Debezium- Production Deployment Preparation
If you are working on Debezium and plans to move it to production, I will suggest you go through this self-explanatory post. It's all based on my experience with MySQL Connector.
Notes:
- To make things understandable, I have exploded the Debezium event payload and extracted before, after, op, ts_ms, source(with only a few fields that I am interested in)
- I have used docker to set up my local environment
MySQL Binlog Files
MySQL has a binary log (binlog) that records all operations in the order in which they are committed to the database. This includes changes to table schemas and the data within tables. The Debezium MySQL connector reads the binlog and produces change events.
Offset Management
The Kafka Connect service is configured to periodically record the position and offsets of each connector to a topic, by default it is “my_connect_offsets”.

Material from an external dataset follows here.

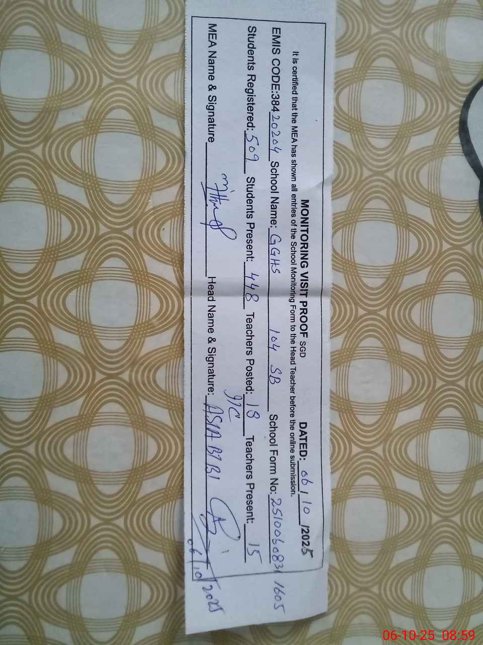 | EMIS Code: 38420204 | Name of School: GGHS CHAK NO.104 SB | |||

Command to get the offset using kafkacat:
kafkacat -b localhost:29092 -C -t my_connect_offsets -f 'Partition(%p) %k %s\n'
Offset looks like:
UseCase: When connect is not available
Stopped gracefully
- All positions and offsets will be recorded in Kafka.
- When those connectors are restarted, they will continue recording events exactly where they left off, with no duplicate events being recorded.

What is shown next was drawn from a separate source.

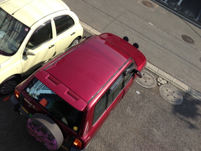S様の トヨタRAV-4 ラブ4 の上面の経年劣化による ボンネットとルーフ塗装の模様です。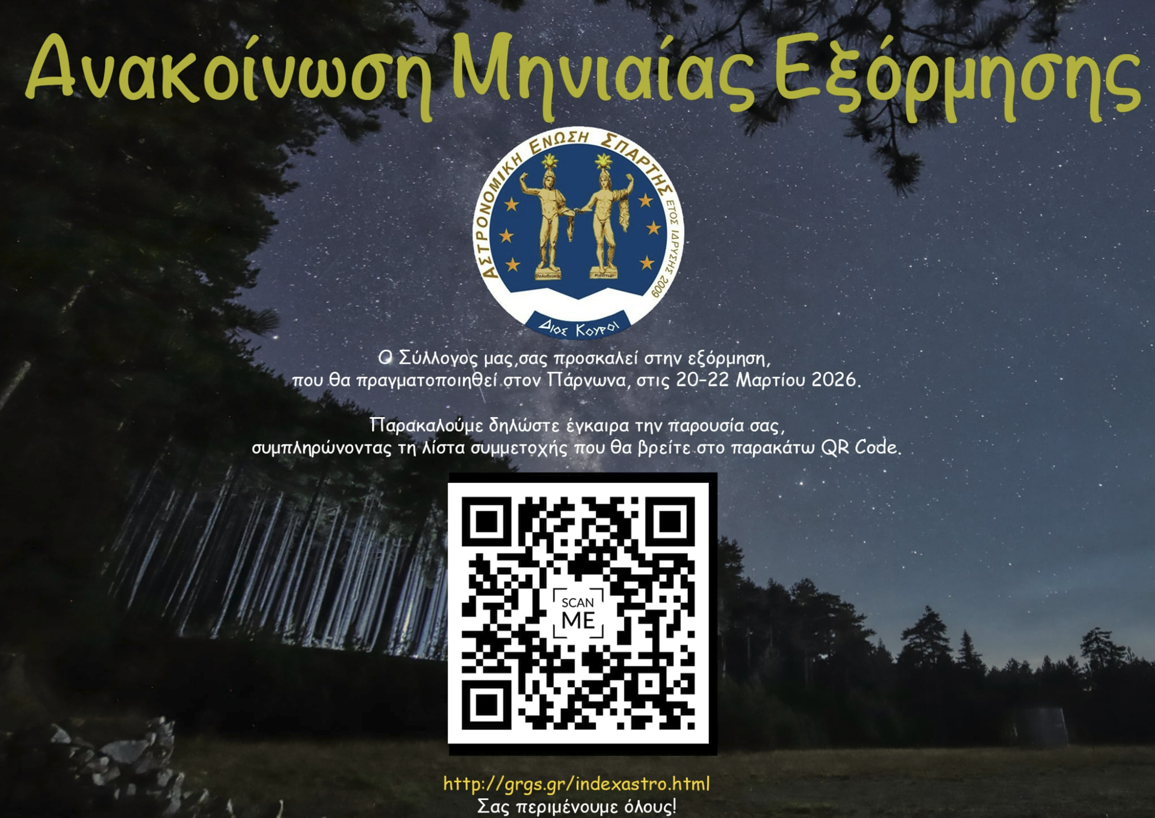 Aggelos Kechagias Δημοσιεύτηκε 1 ώρα πριν Δημοσιεύτηκε 1 ώρα πριν Αγαπητά μέλη, φίλες και φίλοι, Σας προσκαλούμε στην προγραμματισμένη αστροεξόρμηση της ΑΕΣ το ΠΣΚ 20-22/3/2026 στον Πάρνωνα. Παρακαλώ δηλώστε έγκαιρα τη συμμετοχή σας μέχρι την Τετάρτη 18/3 στο σύνδεσμο που ακολουθεί: https://grgs.gr/indexastro.html Το καταφύγιο θα παραμείνει κλειστό οπότε οι επιλογές για διαμονή είναι οι εξής: Σε έναν από τους ξενώνες στον Άγιο Πέτρο. 1 . https://www.hotelparnon.gr/ 2 . "1924" Studios τηλέφωνο επικοινωνίας 6982240905 3. https://www.omalevos.gr/ 4 . Eva’s destination τηλέφωνο επικοινωνίας 6944182431 Εναλλακτικά σε σκηνή ή στο αυτοκίνητο. Εδώ θα βρείτε το στίγμα παρατήρησης. Ο καιρός στα 3 παρακάτω Link: Καιρός 1 Καιρός 2 Καιρός 3 Για οποιαδήποτε άλλη πληροφορία μπορείτε να καλέσετε στα παρακάτω τηλέφωνα: Τρεμούλης Νικόλαος - 697-4645898 Σταματούκος Γεώργιος - 697-9913295 Άγγελος Κεχαγιάς - 694-2709993 Καλή αντάμωση! Άγγελος Κεχαγιάς Γραμματέας ΑΕΣ "ΔΙΟΣ ΚΟΥΡΟΙ" http://pegasusastro.com/

- Downstream applications consume from the topics will simply wait until new events are added.
Crashes unexpectedly
- Crash, would not let connectors commit the latest position and offsets to Kafka.
- When those connectors are restarted, they will start recording events from the database starting at the position/offset last recorded by the connector before it crashed. This will cause connect to send duplicate events to Kafka and eventually to the downstream applications.

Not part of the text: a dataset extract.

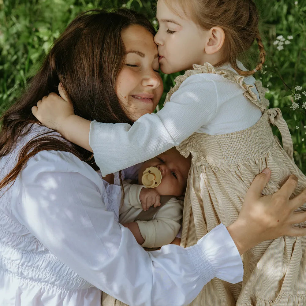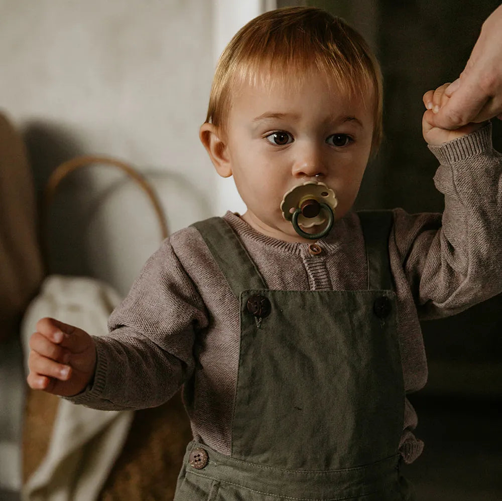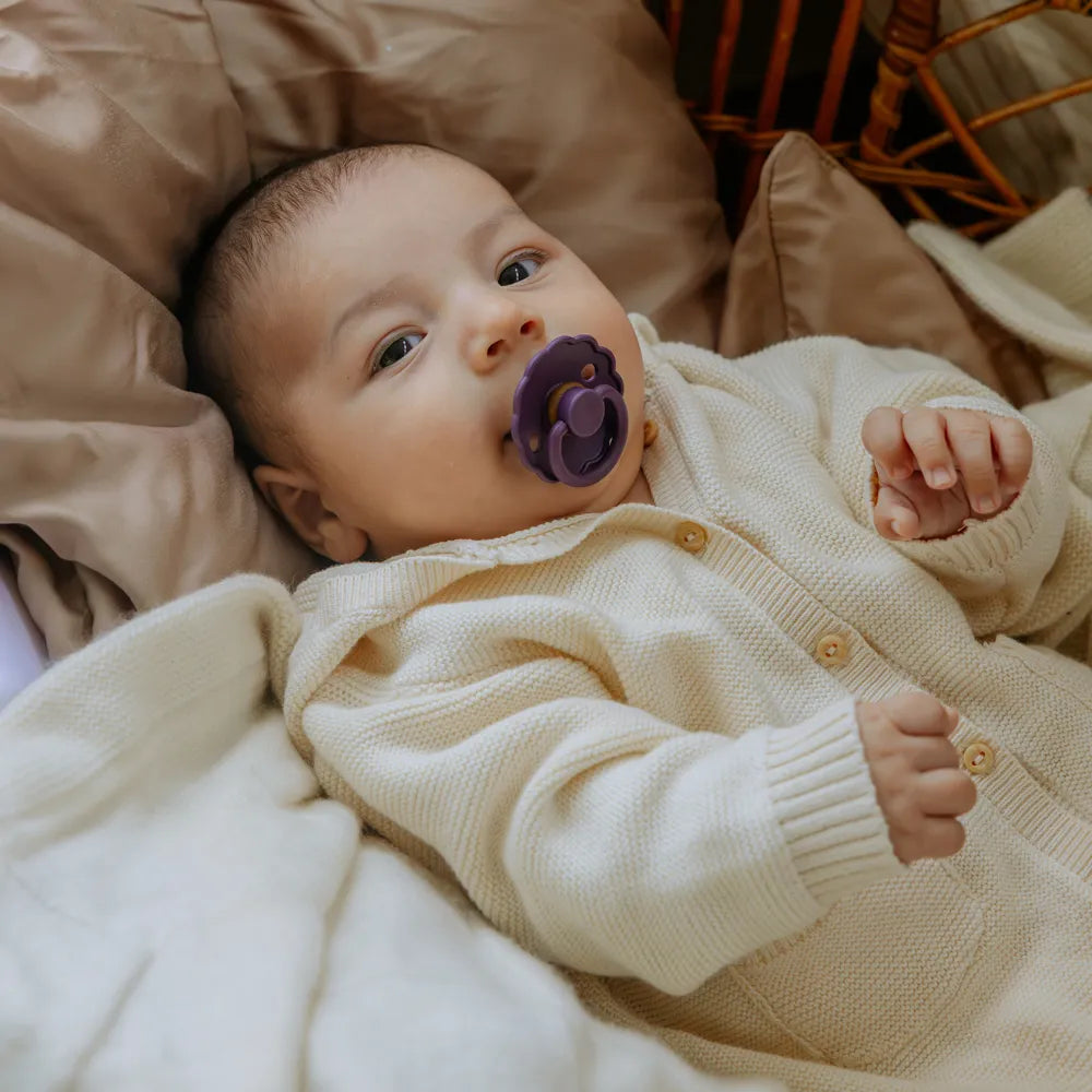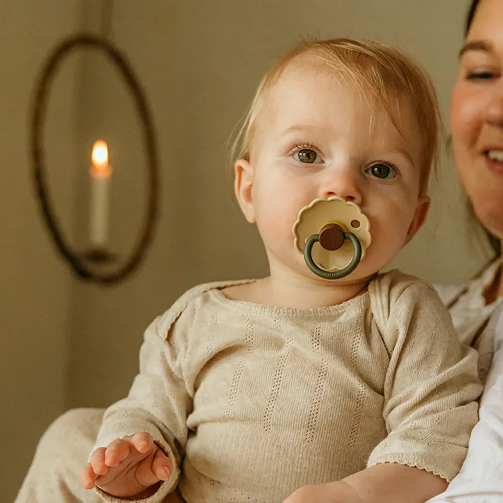 Design and aesthetics: The Daisy model is characterized by its flower-shaped shield, where the rounded petals create a calm and recognizable expression. The design is inspired by the shapes of nature and gives the pacifier a light and harmonious touch that stands out from more minimalist pacifier models, while still fitting naturally into modern Scandinavian baby equipment.

- Downstream applications consume from the topics will simply wait until new events are added.
Kafka is not available
- The Debezium connector pauses until the connection is re-established and the connector resumes where it left last. No duplicate events are recorded.
- In some instances, a connector restart might be required. If the latest position and offset were recorded in Kafka then there would not be any duplicate events else it can lead to duplicate
MySQL purges binlog files
- If the Debezium MySQL connector stops for too long, the MySQL server purges older binlog files and the connector’s last position may be lost. When the connector is restarted, the MySQL server no longer has the starting point.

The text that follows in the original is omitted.